I readied to follow him should he decide to sit at the dinner-table.
“I can think of one special case.”
I asked, “Who?”
“The Fulanis.”
I said, coming closer, “Who?”
He was silent until we reached the table, until we each picked up a paper serviette. He tucked his under his fat chin (I snickered every time he did that!) and I unfolded mine and laid it on my lap (thinking of the writings I used to scribble on my thighs
and on every part of my body, when younger; thinking of Misra, who taught me Amharic in secret).
“The Fulanis of West Africa are the only conquering people I know of who adopted as their own language and culture the one of the people whom they conquered. I’ve never learnt why.”

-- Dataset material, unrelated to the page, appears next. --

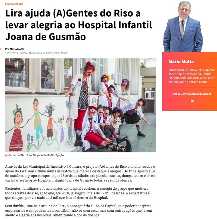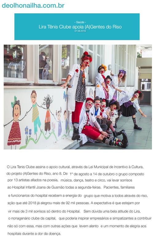 Com grande satisfação, compartilhamos o Apoio do Lira Tênis Clube ao Projeto (A)Gentes do Riso, através da Lei Municipal de Incentivo à Cultura.
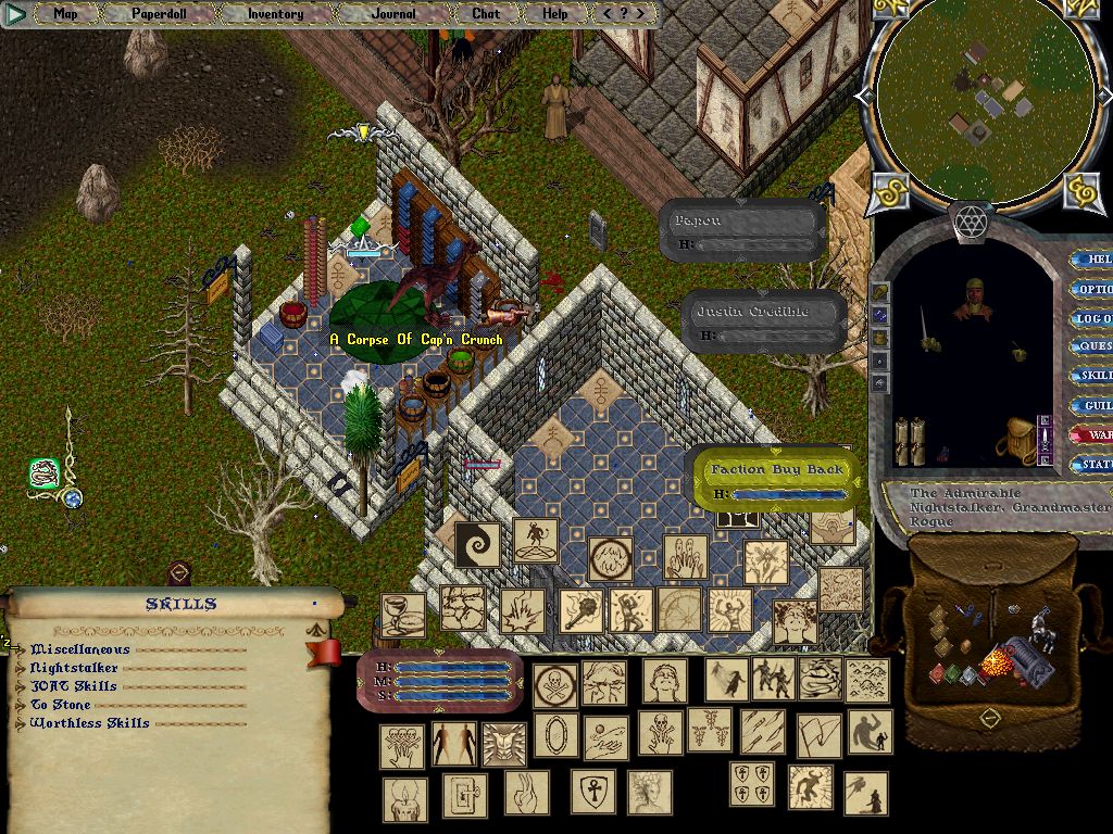 After I took three crystals from them, they finally managed to save up ten, and set up two walls to protect themselves from me while they exchanged the bag ball from one to another. Cap'n took the power crystals through the moongate, and left Justin Credible alone... He fought bravely, he fought boldly, he was as fierce as I have ever seen one man in battle, unfortunately, he wasn't fighting one man, but two paragons. Once he realized it, it was too late... his body dropped to the ground and my eyes lit up! I quickly grabbed what I could, but got the attention of a minion. Fortunately, Cap'n Crunch came back to check on his friends progress, and mourned his death but a moment before the minion turned his wrath on Cap'n. Cap'n lead the minion away for me, allowing me to finish looting.

Plates were passed to and fro. And I grieved at the thought that millions of us were conquered, and would remain forever conquered; millions of us who would remain a traditional people and an oral people at that. And I saw, abandoned, burning cities the Goths had set ablaze (I didn’t know who the Goths were, but promised myself that I would find out). I saw, in my mind, the Mongol Emperor, and he was riding a horse and kicking his heels against the beast’s ribs and setting fire to all the letters of the alphabet and more. I also saw abandoned dead bodies—those of men and women and children dead from napalm spray—and cursed the Russians and the Cubans and the Adenese. (I think this must have been after the Russians, the Cubans, the Adenese and the Ethiopian soldiers defeated the unaided Somali army) And I saw history books open at the page beginning with the encyclopaedic definition of the concept “Civilization”.